The problem: Lines from the one with "The watermark will" up to and including the one with "参观者在一家高新技术企业了解最新移动互联无线产品。" are to be copied exactly from the records below, without their pictures.

Extracted data:
--- --- ---
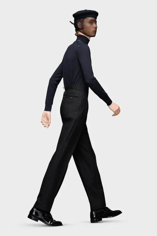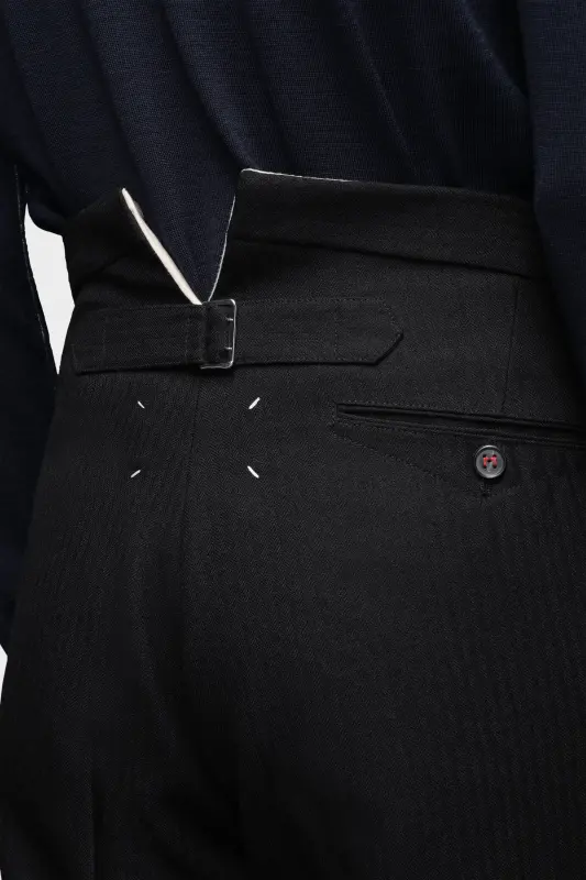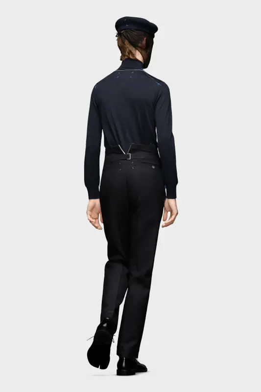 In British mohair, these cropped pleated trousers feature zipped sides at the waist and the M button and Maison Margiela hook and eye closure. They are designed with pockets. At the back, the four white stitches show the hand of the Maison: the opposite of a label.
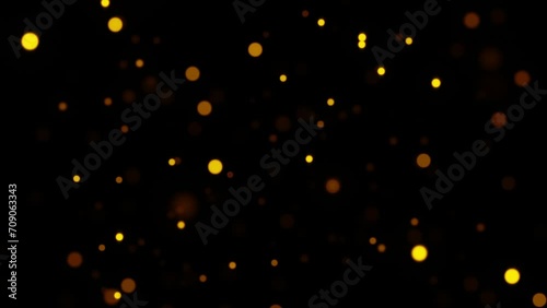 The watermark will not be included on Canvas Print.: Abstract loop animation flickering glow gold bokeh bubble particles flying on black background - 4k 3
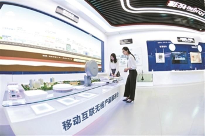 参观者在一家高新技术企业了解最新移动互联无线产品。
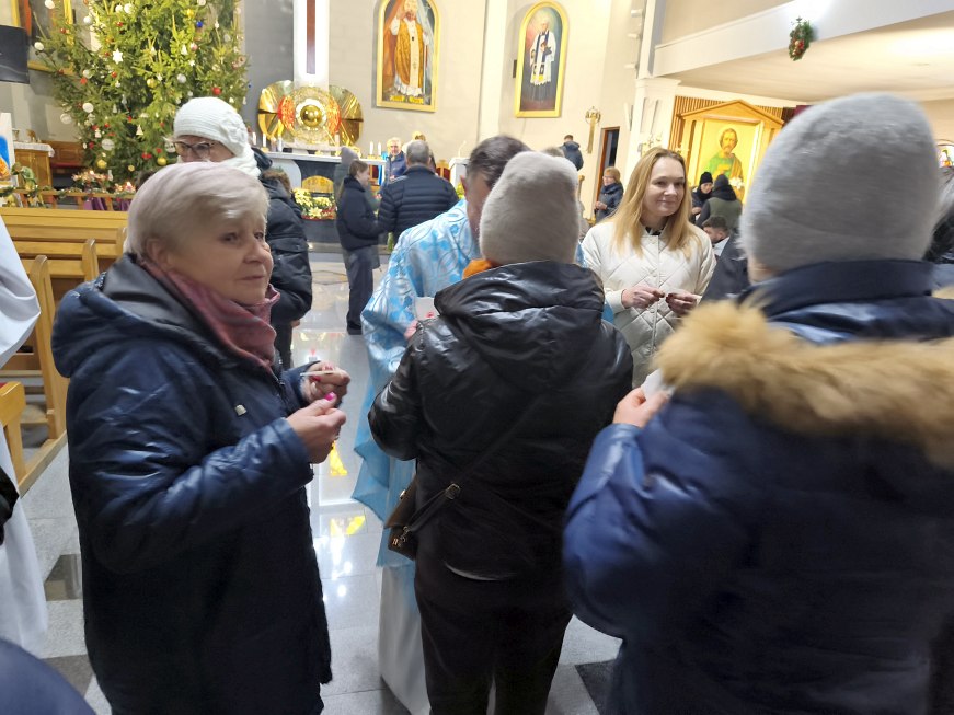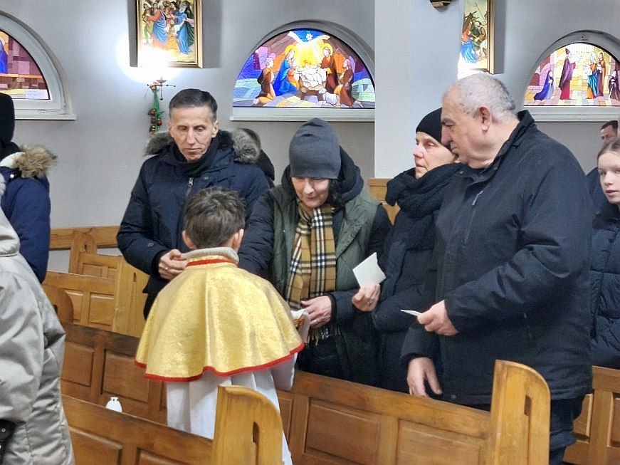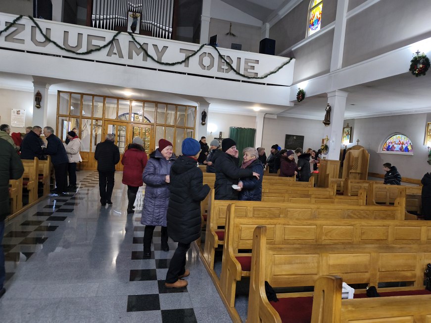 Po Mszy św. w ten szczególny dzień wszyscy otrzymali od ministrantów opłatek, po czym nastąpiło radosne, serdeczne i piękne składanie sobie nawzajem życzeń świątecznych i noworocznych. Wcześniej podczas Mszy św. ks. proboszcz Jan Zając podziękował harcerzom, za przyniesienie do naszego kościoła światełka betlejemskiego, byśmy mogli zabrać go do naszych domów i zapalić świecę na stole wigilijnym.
--- --- ---
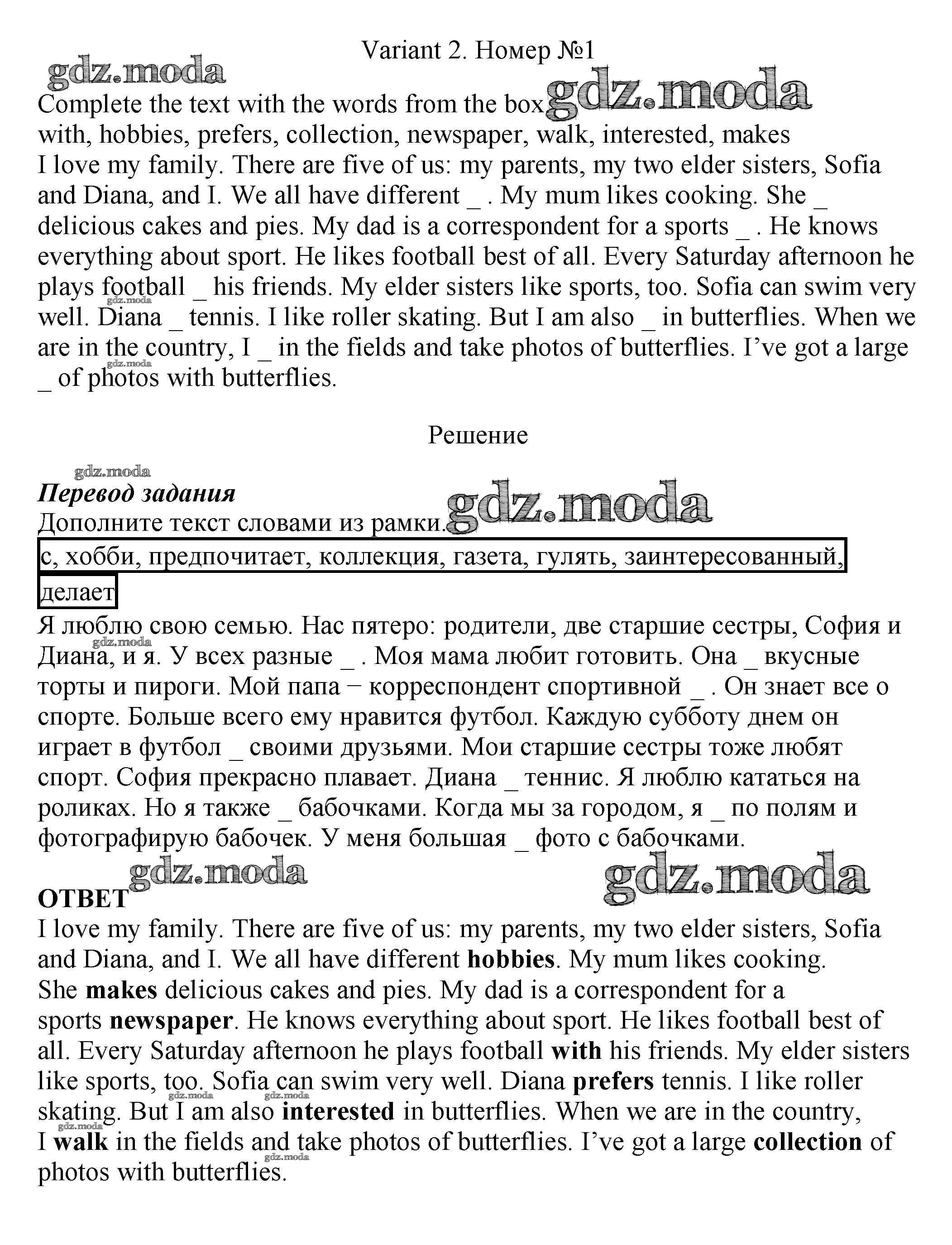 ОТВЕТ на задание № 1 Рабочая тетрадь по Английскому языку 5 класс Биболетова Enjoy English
--- --- ---
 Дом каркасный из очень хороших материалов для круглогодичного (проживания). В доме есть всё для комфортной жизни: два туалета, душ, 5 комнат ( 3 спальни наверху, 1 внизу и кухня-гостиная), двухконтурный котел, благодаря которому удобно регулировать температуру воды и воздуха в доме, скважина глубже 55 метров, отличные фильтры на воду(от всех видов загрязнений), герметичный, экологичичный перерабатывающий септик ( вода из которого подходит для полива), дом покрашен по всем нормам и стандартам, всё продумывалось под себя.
--- --- ---
Answer section:
 The watermark will not be included on Canvas Print.: Abstract loop animation flickering glow gold bokeh bubble particles flying on black background - 4k 3
 参观者在一家高新技术企业了解最新移动互联无线产品。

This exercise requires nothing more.